The Military Bowl at Navy Marine Corps-Stadium can be another “statement game” for the Herd, just as the C-USA East Division rout of East Carolina was. And while Holliday looks forward to the date with the Terps (7-5), he has clearly a kind of farsighted vision.
“I would have never come, absolutely not, if I didn’t think this could happen here,” Holliday said. “I had other (head coaching) opportunities earlier in my career I didn’t want because I felt I couldn’t win at those places.
“I might be the worse loser there is. I hate to lose in anything, and I just didn’t want to put myself in position where I didn’t have that opportunity to win every Saturday and to compete every Saturday, and to win championships.
“And I knew that opportunity was here at Marshall University because I’ve seen that happen, and because the support Mike and Dr. Kopp will give me to make sure that does happen. No doubt … I wouldn’t have taken this job if I didn’t think it could happen.”
The Military Bowl will be the 23rd postseason game in his coaching career, a run that started with a 1981 Peach Bowl upset by WVU over Florida, when Holliday was a part-time aide. Two years ago, in his first bowl as a head coach, he led the Herd to a Beef ‘O’ Brady’s Bowl win over FIU.
Before that, he’d been to the Gator, Hall of Fame, Bluebonnet, Sun, Fiesta, Sugar, Carquest, Insight, MicronPC, Tangerine, Outback, Capital One, Meineke Car Care bowls and a BCS National Championship Game – some of those multiple times.

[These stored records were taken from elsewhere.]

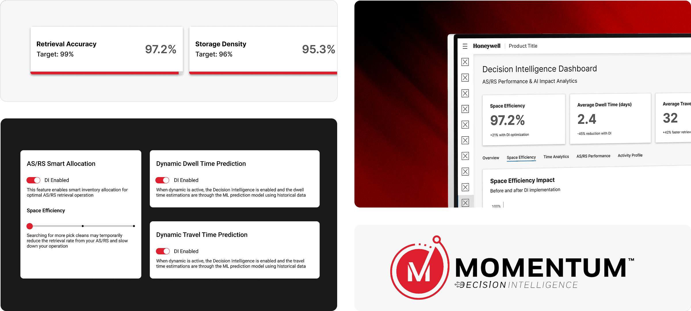Honeywell introduced Decision Intelligence to automate warehouse operations and optimize efficiency through AI-driven insights. Designed as a key upgrade to their Momentum platform, the feature needed to deliver measurable impact while signaling the future of smart warehousing. Alongside leading the UX design, I also created a visual identity for Decision Intelligence to support its positioning within Honeywell’s broader product ecosystem.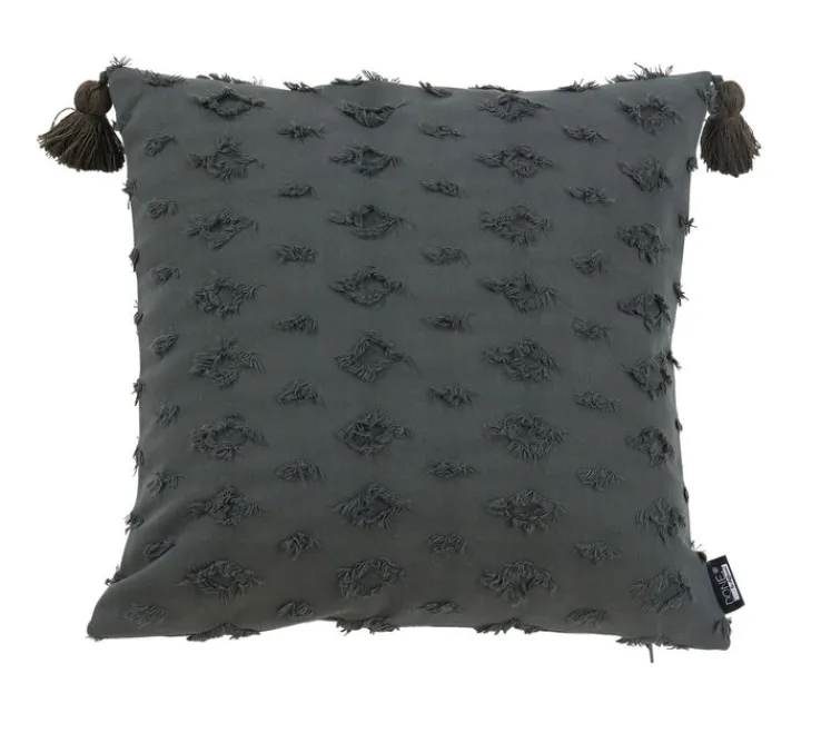 In der Farbe Anthrazit ist die 45 x 45 cm große Kissenhülle LUISE des Herstellers DONE insbesondere für helle Inneneinrichtungen vorgesehen und eignet sich für kontrastreiche, dekorative Inszenierungen. Ein optisches Highlight bieten die an den oberen Ecken befestigten Quasten. Im Vintage-Design gestaltete Applikationen runden das Kissenhüllen-Design ab. Dank der unifarbenen Optik lässt sich das Wohntextil auch zu ausdrucksstarken Vorhängen und Teppichen mit großflächigen Mustern kombinieren.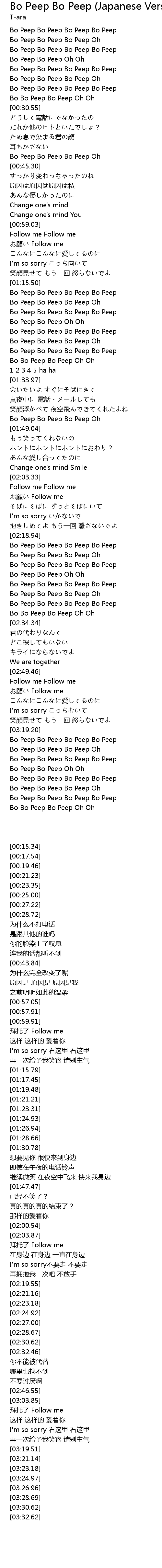 | [03:19.51] | Bo Peep Bo Peep Bo Peep Bo Peep |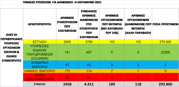 Ήδη, σύμφωνα με τα επίσημα στοιχεία του ΣΕΠΕ, κατά την περίοδο Ιανουαρίου-Αυγούστου 2021, διενεργήθηκαν πανελλαδικά 2.458 έλεγχοι που αφορούσαν στους όρους εργασίας 4.411 διανομέων.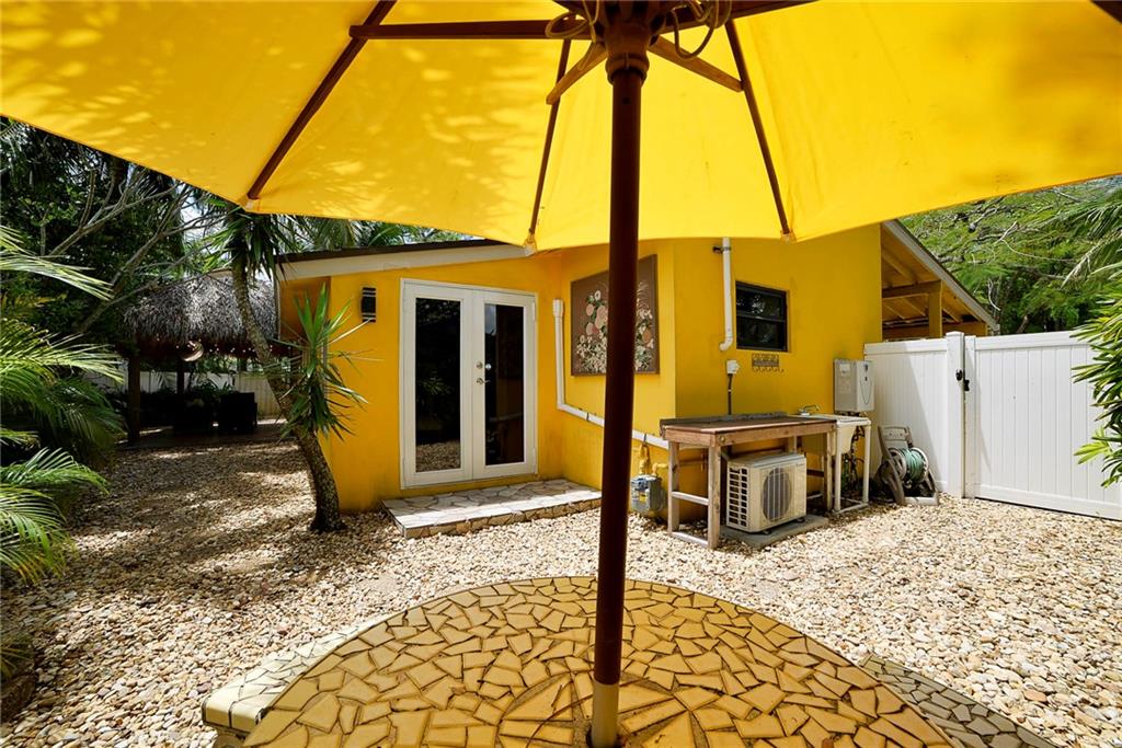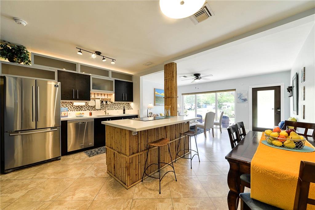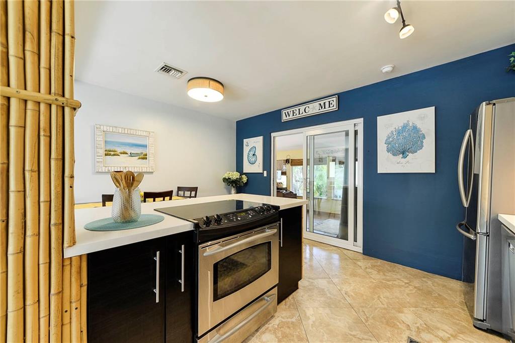 Tropical paradise home! Makes you feel like you are on vacation everyday! Live the Florida lifestyle with this remodeled home. Located on a corner lot, this property boasts of lush landscaping and many fruit trees and exotic plants. Kitchen has modern black cabinetry, stainless steel appliance package, and quartz counters, along with a large center island. Tiled throughout and has full impact windows and doors for protection. The piping under the home has been replaced with PVC pipe. So many extras: gas tankless water heater, gas dryer, custom closets, water filtration throughout the home. The yard is so inviting---a 10x15 Tiki hut sits amid a 20x 20 stamped concrete patio, with outdoor lighting. The yard is fully fenced and has a 10 x 10 hurricane approved shed, electric ready.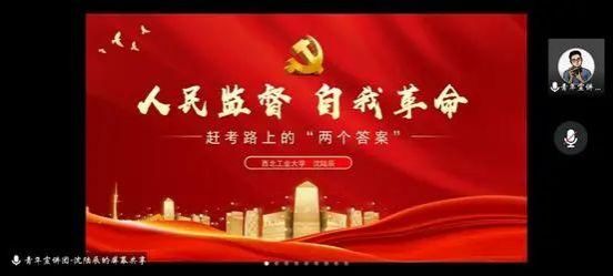 随后,青年宣讲团成员沈陆辰围绕“新时代赶考路上的‘两个答案’”主题,讨论如何摆脱先兴后衰的历史周期律,提出了“人民监督,自我革命”两个答案。首先,沈陆辰分析毛泽东同志在革命之前谈论的“我们已经找到新路,我们能跳出这周期律,这条新路,就是民主”说明民主(即人民监督)是我们跳出历史周期律的答案之一,并以人民代表大会为例分享我们党一直以来进行的民主监督实践。随后,沈陆辰指出四大考验、四大危险是我们党一直都需要面对的问题,并具体讲解了腐败的危害:腐败会严重侵蚀国家和人民的基本利益、危害国家政治安全、破坏党的声誉、影响社会稳定,并最终导致社会退化。沈陆辰还以电视剧和纪录片为例表示反腐是我们党、我们国家要一直进行的重大斗争,同时也是我们党进行自我革命的具体体现。最后,他提出“相伴相随,相辅相成”“同根同源,内在一致”“初心不改,使命在肩”,系统地总结了两个答案的关联:“人民监督是基础,自我革命的关键”。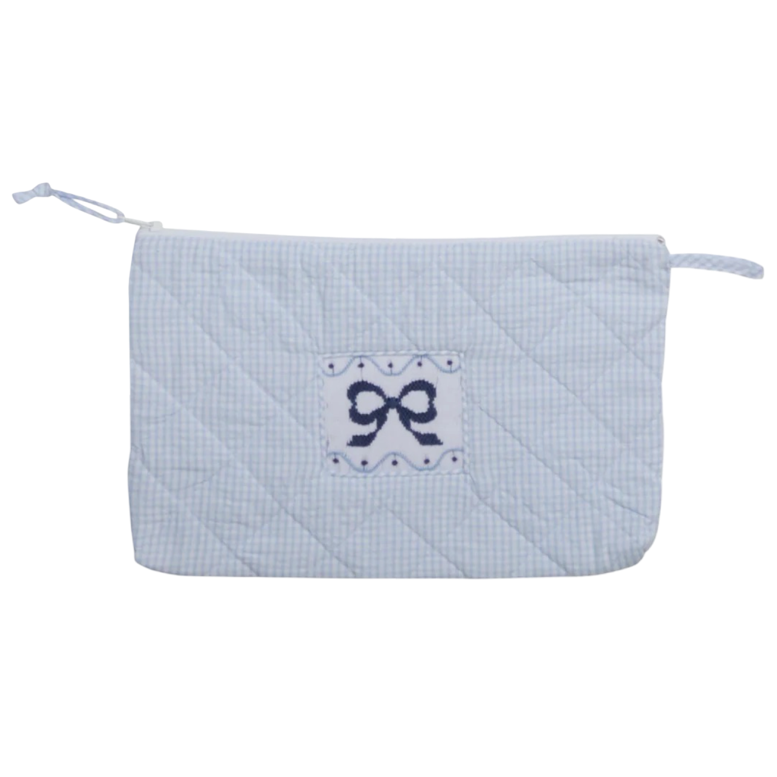Little English. From spending the night out to packing for a weekend trip, let them travel in style. Our smocked Bow is on Light Blue Seersucker and is perfect for girls on the go. This style is in the 1.5 in. diamond quilting pattern.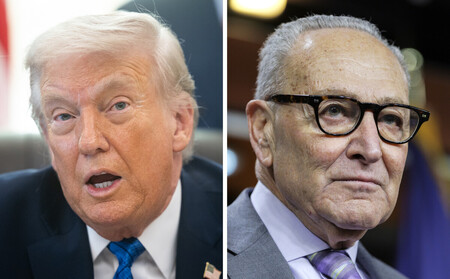 〔写真説明〕米国のトランプ大統領(左)と民主党のシューマー上院院内総務(EPA時事)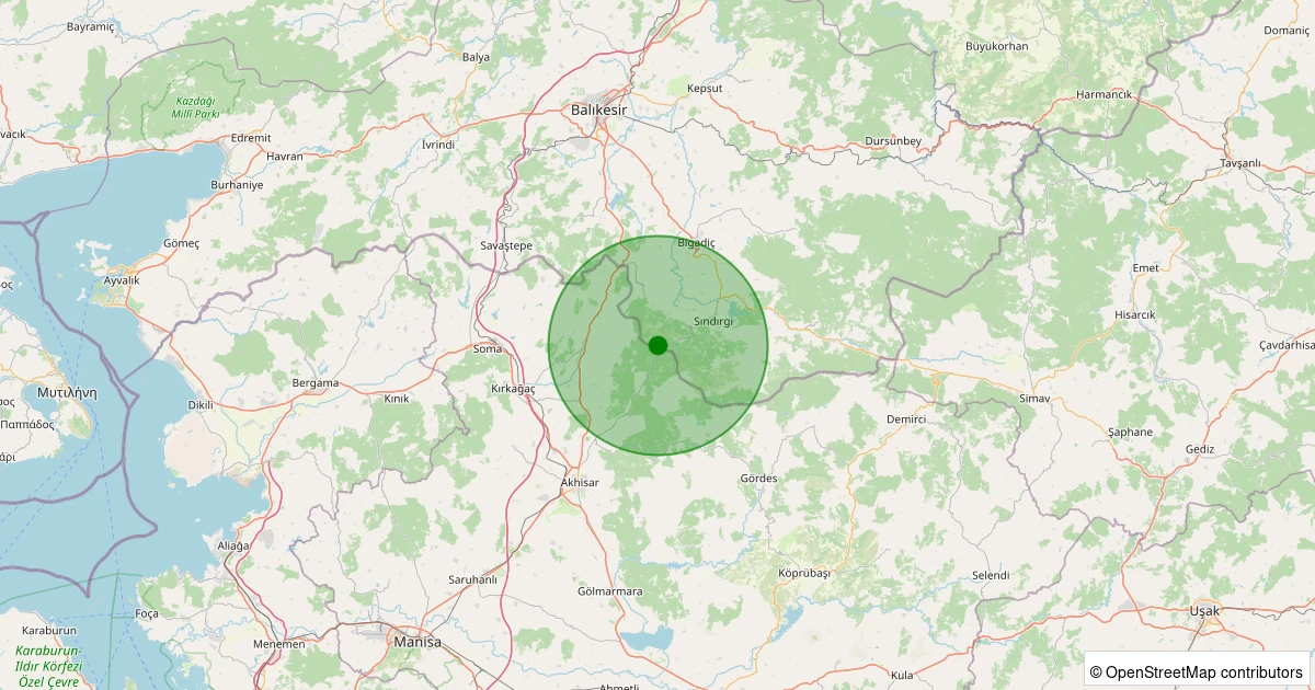 Son 7 gün içinde Sındırgı noktasından 100 km yarıçap içerisinde meydana gelen diğer depremler:
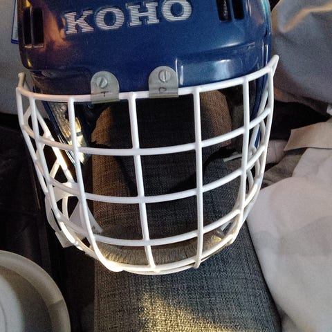 Bauer jääkiekkokypärä ristikolla. Kypärä on valkoinen ja siinä on metallinen kasvosuoja. Säädettävät hihnat ja kiinnikkeet mahdollistavat istuvuuden säätämisen. Soveltuu jääkiekon pelaamiseen ja muuhun jääurheiluun, jossa tarvitaan pään ja kasvojen suojaa. Vsnha, mutta ehjä ja siisti. Ainoastaan yksi verkon kiinikemuovi on kadonnut matkalla. Uusia saa varmasti ostettua ja voi käyttää luistelussa ilmankin. Koko säädettävissä ja on noin 50-55cm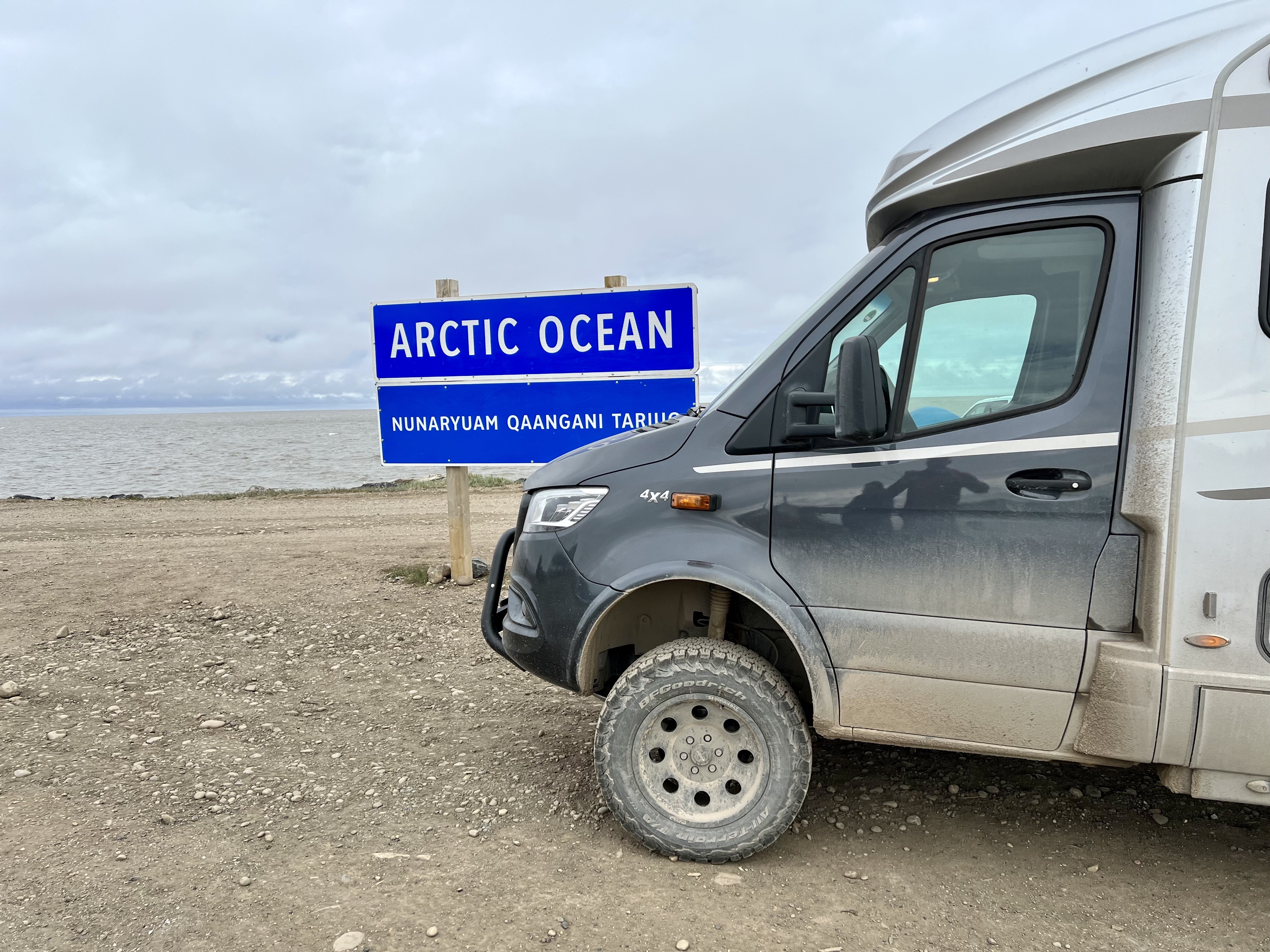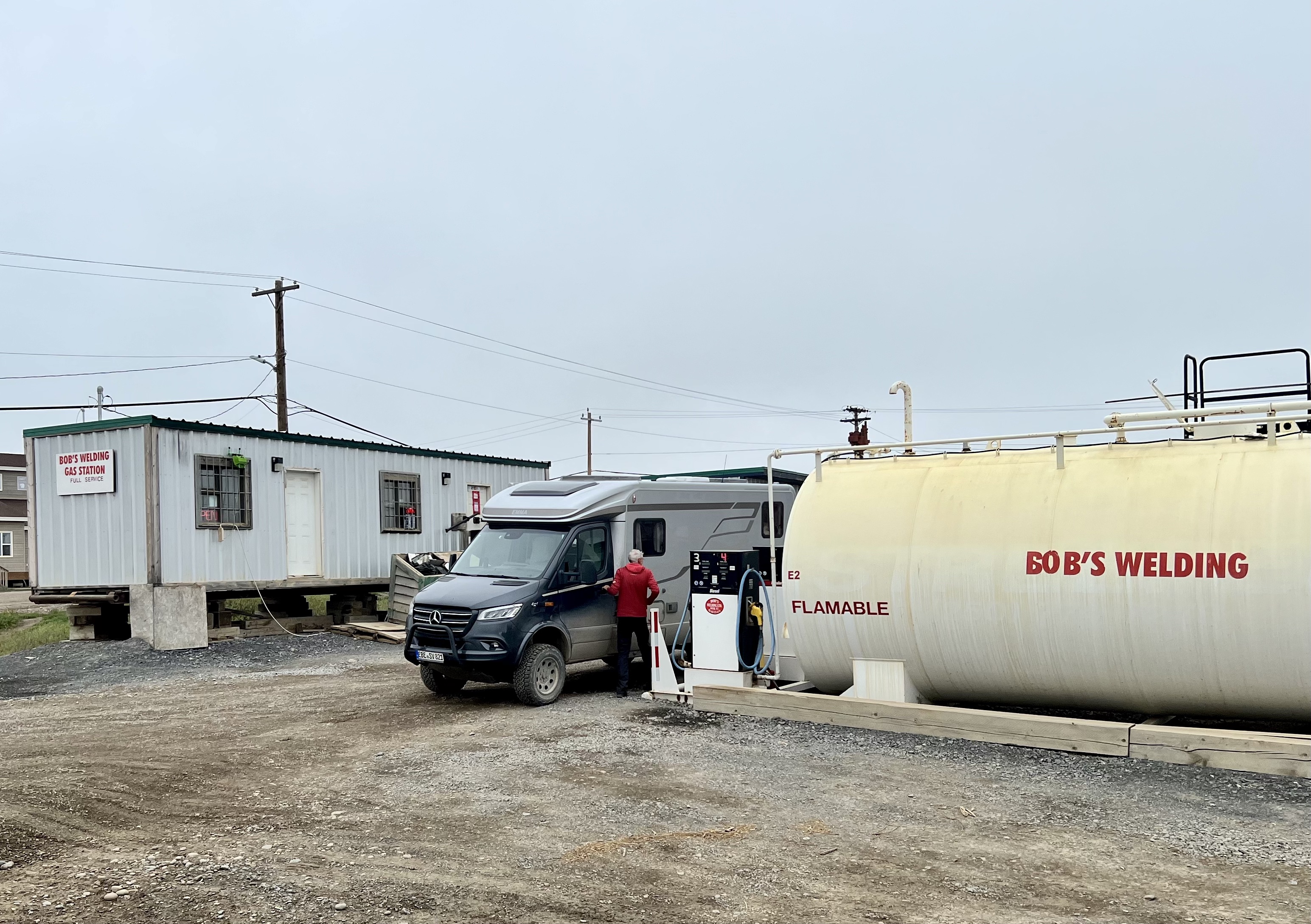 Nach drei Tagen über dem Dempster Highway erreichen wir den Tuktoyaktuk und den Arctic Ocean. Wie immer nutzen wir jede Tankstelle, die sich bietet.

This is the 12th team he’s been with that has won at least nine games. He’s been with a 13-game winner – the Florida 2006 national title team, and three 11-win teams (two at WVU and one with the Wolfpack). Never, however, a 10-win team.
Evan at age 56, Holliday wants a first.
“No doubt, the opportunity to be on national stage, to play at a historic stadium at the Naval Academy, and to play an ACC opponent that’s a good football team with a lot of winning tradition, and one that’s going to the Big Ten, is a chance for us to make a statement,” he said. “There’s no doubt Maryland an excellent program.
“As a player and a coach, I’ve had the opportunity to play against them 27 times. They’ve got good players, good tradition and Randy (Edsall) is a good coach, so they’ll be well-coached.
“It’s going to be a great challenge for us. But I like challenges.”
Over four years, that’s been evident.